Here’s a recent trade which setup on GBPUSD. It demonstrates why it is important to have a trading plan rather than just jumping into any opportunity. As a day trader it is tempting to just go with the immediate momentum of the market. So if the trend over the last few days has been up then we would normally only look for buying opportunities as these would be the higher probability trades. It is much easier to make money in a trend than it is to go against it. Believe me, I have had my fair share of trying to capture the top or bottom of a market and it is a very difficult thing to do. Chances are that you will get it wrong many times and by the time you finally get it right then you will lose the confidence to trade.
The question arises though, which trend should you trade? The dominant one or the intermediary one? What is the difference? Which one is more profitable?
Dominant Trend
At any one time, the markets will be in one of three states – trending (either up or down), reversing or consolidating (moving sideways). It is commonly said that the market only trends 30% of the time but it is easier to make money during this 30% trend than during any other market condition. So the first question we need to ask is what is the dominant trend? The dominant trend can be identified on a higher timeframe chart like the daily and above. For intraday traders the daily chart gives the dominant trend. For end of day traders, this can be gleaned from the weekly chart hence you would look at the weekly chart for trend direction and then trade in the direction of that trend.
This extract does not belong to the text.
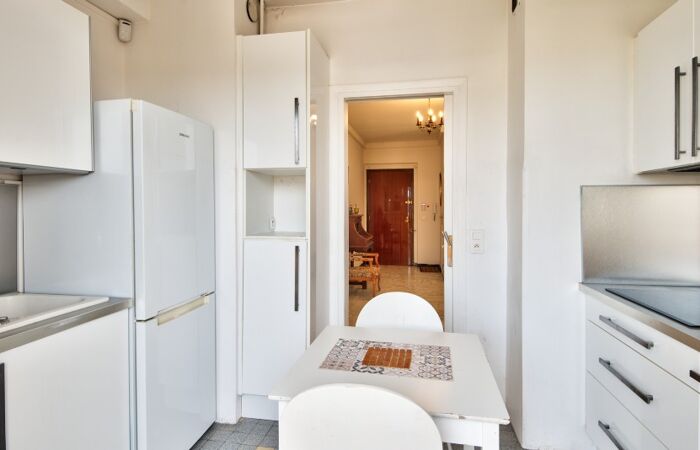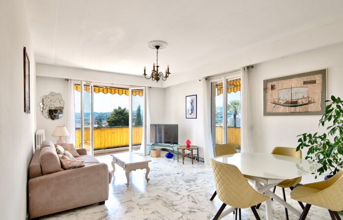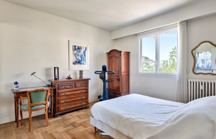 Proche commerces et commodités, appartement de type 3 pièces de 87 m², situé en étage élevé d'une résidence bien entretenue avec ascenseur. L'appartement offre une très belle vue dégagée jusqu'à la mer, depuis une grande terrasse d'angle de 26 m² exposée sud-ouest.

In this trade example, I used the daily and weekly charts for trend identification and the 60 minute chart for entry. It gave a great trade which seems to go against the trend on the 60 min chart but in line with the trend on the daily chart
GBPUSD 60min Chart:
The View From the Top
The daily chart below shows a different picture from the hourly chart. For a start what is the current market condition? It looks as though Price is in an overall consolidation but the current trend is up as shown in the boxed section on the right. Hence the daily chart has a dominant bias up, although we can also see that price is looking bearish at the current time evidenced by the number of red bars we have going down in quick succession. None the less we will treat this recent move down as the retracement to the move up as long as it doesn’t go any lower.
GBPUSD Daily chart:
Notice the solid short horizontal line on the right hand side of the chart – this is where we set a level that we expect price to turn from which is the same zone we saw in the 60 min chart earlier from which price turned. How did we know that price would turn from there? It was a mixture of Elliot wave analysis, market structure, Fibonacci, and market momentum – tools and techniques you can learn on the Fibonacci Master Trader programme. For now the most important thing is to note how the dominant trend on the daily overrides the trend on the hourly. This means you can look for a trade in the direction of the dominant trend once the immediate trend has come to an end. Let’s have a closer look at the hourly chart:
GBPUSD 60 Min:
The highlighted area was where we were expecting the market to reverse and head up from, so as soon as we got a setup then we were long. Now there are many different entry strategies one could use to enter the trade such as waiting for a swing high to be taken out, a certain price action pattern to develop etc. The key is it needs to be something that is clear as it will be the last piece of your trading decision making process.
Two Time Frames
What this article really highlights is that you really need two trading timeframes to trade with – a higher timeframe which sets the context and gives you clarity on the market direction, and a lower timeframe on which you look for setups in the direction of the higher timeframe. We used the daily and 60min, but could have also used the weekly and daily, or the 4hourly and the hourly and so on. You can trade on just one time frame but the danger is that if price on the lower timeframe is heading in one direction and price on the higher timeframe is heading in another then the higher timeframe will always win. A further point is that if you want to enter on market turning points then you definitely need to trade in the direction of the higher timeframe.
Give it a Go
Pull up a daily chart and start identifying the trend, and then bring up a lower timeframe chart such as 240min or 60 min and see how many times the immediate trend gets overridden by the dominant trend from the daily chart. Once you get used to doing this, believe me you will not go back to just trading on a single timeframe again.